Maybe it’s the warm welcomes we received ourselves, and the love and support we find in other members of the site even today, that encourages people in our community to take time to pass on that experience to other people. It can certainly be scary joining a website like HNZ. I am not unaware of how overwhelming it can be, and with a tight-knit community it can often seem like a futile task to penetrate the existing fortress and truly feel like a member of the community: but I think we do a great job of disabusing people of those notions. It would be pretty easy to laugh off a person who joined as cedric_diggs but instead we let him become a professor, and endured him breaking into open roleplays he really had no place in, and godmodding characters, and replying to roleplays he wasn’t in with out of character comments – and forgave all of these egregious offences where perhaps a more serious community would have eschewed him or taken the ban hammer to him already.
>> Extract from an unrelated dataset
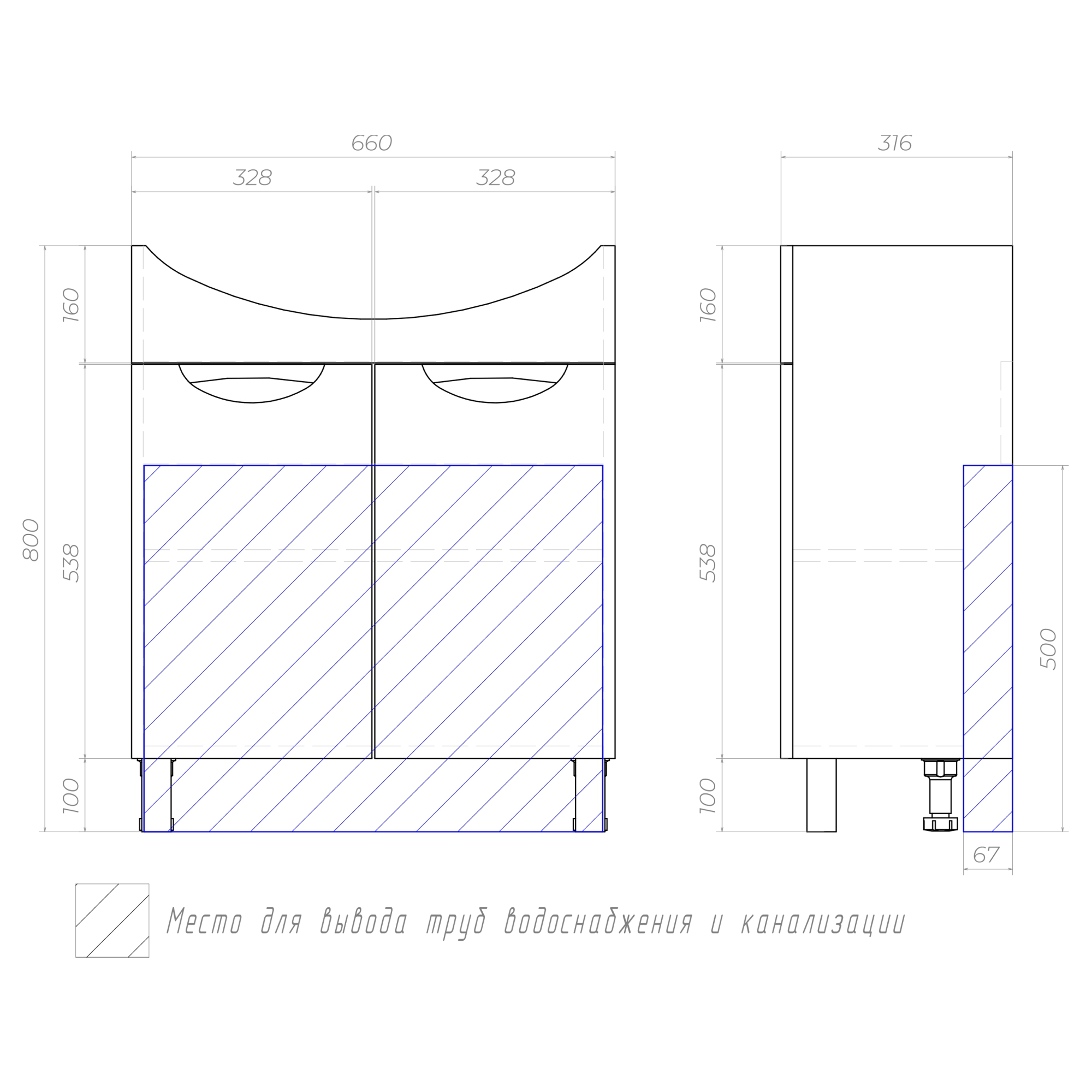 Тумба с раковиной Vigo Callao 70, 2 дверцы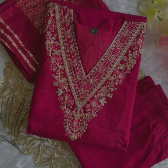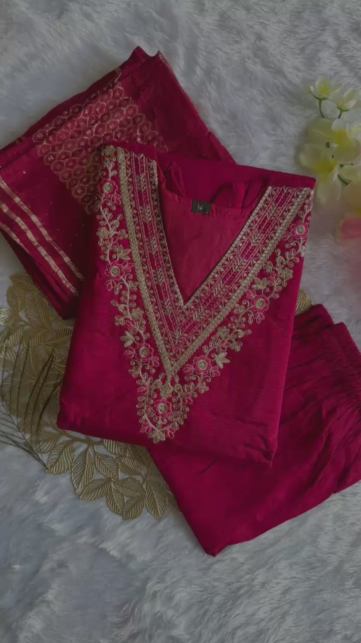 Cherry Red Roman Silk Kurti Set | Embroidered Designer Wear with Sequinned Dupatta

This is likely why we allow for so many chances before we take action against people who are breaking the rules – because we assume they’re not malicious and want people to just be able to learn the ropes like we got to, and experience how forgiving HNZ can be, as well, and be welcoming of differences, despite not necessarily having the most amazing past on the board; but I think I’m getting off to a whole other part of why HNZ’s community is so lovely.

It’s definitely hard to express why HNZ, as a community, is so special – but there’s no doubt in my mind that at least part of the reason is how welcoming we have been, and continue to be, to new people who join our community such that they actually can join in and don’t forever feel like an outsider. That’s no easy task, and so it’s all the more impressive that it’s the reality of our board.

This is an idea I’m going to explore a little more over the coming weeks – so look back for more excitement!

Thanks for being welcoming, HNZ, and make sure to keep it up!